4. The method for querying security asset data according to claim 3, characterized in that, The step of sorting and combining the query conditions in the Boolean query clause according to a preset priority rule to obtain the Boolean query structure specifically includes: Sort the query field objects according to the priority rules of the security asset domain; The execution order of constructing Boolean query clauses according to the sorting results; The query conditions in the Boolean query clause are optimized and reorganized to obtain the optimized result; A Boolean query structure is generated based on the execution order and the optimization result.
5. The method for querying security asset data according to claim 4, characterized in that, After generating the Boolean query structure, the method further includes: Perform a security semantic integrity check on the Boolean query structure; If key risk fields are missing, supplementary query conditions will be generated based on the natural language query request. The supplementary query conditions are added to the original Boolean query structure to form the completed Boolean query structure.
6. The method for querying security asset data according to claim 1, characterized in that, The semantic parsing of the natural language query request specifically includes: The natural language query request is parsed using a large language model to obtain the parsing result; The parsing results include field names, query values, query types, and query weights.

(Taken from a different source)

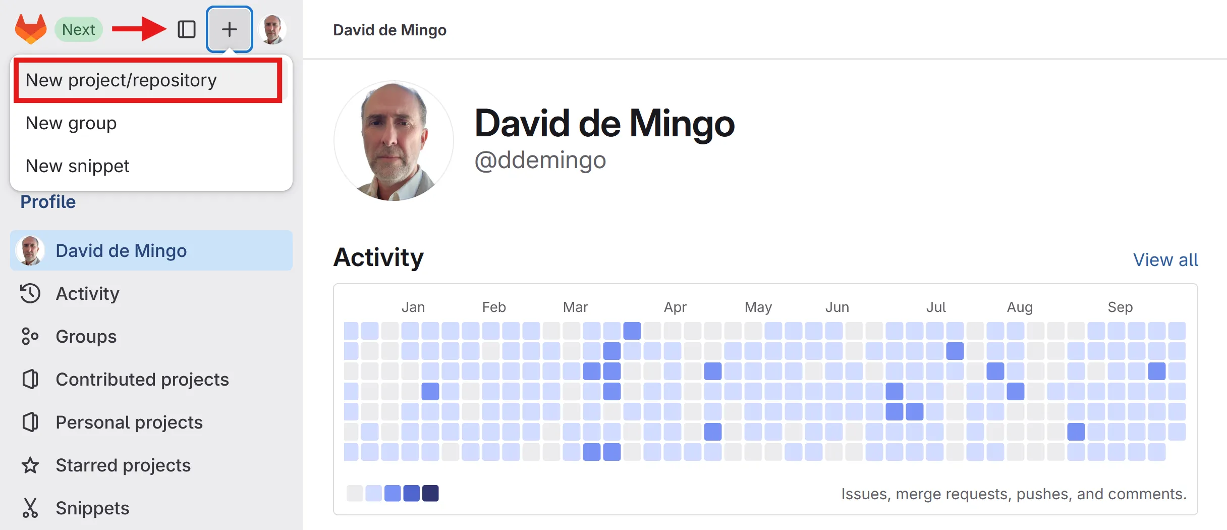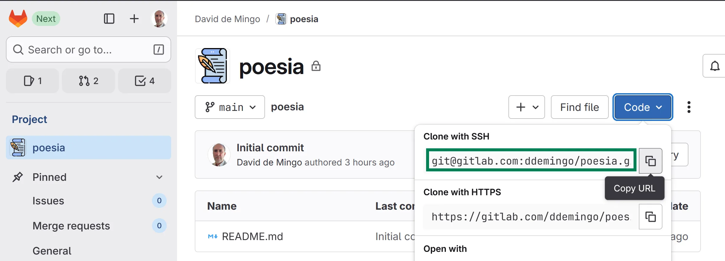 git clone git@gitlab.com:ddemingo/poesia.gitCloning into 'poesia'...remote: Enumerating objects: 3, done.remote: Counting objects: 100% (3/3), done.remote: Compressing objects: 100% (2/2), done.remote: Total 3 (delta 0), reused 0 (delta 0), pack-reused 0 (from 0)Receiving objects: 100% (3/3), done.Ja pots escriure la primera estrofa de la teva primera poesia:

7. A security asset data query device, characterized in that, include: The parsing module is used to receive natural language query requests from users, perform semantic parsing on the natural language query requests, and obtain parsing results; The query field determination module is used to extract field names from the parsing results, where the field names correspond to fields in the security asset index; determine the query type based on the predefined field type mapping rules associated with the field names; convert the user query content into query values that are compatible with the query type; and determine standardized query field objects based on the field names, query types, and query values. The query statement generation module is used to generate a structured query statement based on the query type in the query field object; The query result return module is used to execute the structured query statement and return the query results.
8. An electronic device comprising a memory, a processor, and a computer program stored in the memory and executable on the processor, characterized in that, When the processor executes the computer program, it implements the security asset data query method as described in any one of claims 1 to 6.
9. A non-transitory computer-readable storage medium having a computer program stored thereon, characterized in that, When the computer program is executed by the processor, it implements the security asset data query method as described in any one of claims 1 to 6.
10. A computer program product, comprising a computer program, characterized in that, When the computer program is executed by the processor, it implements the security asset data query method as described in any one of claims 1 to 6.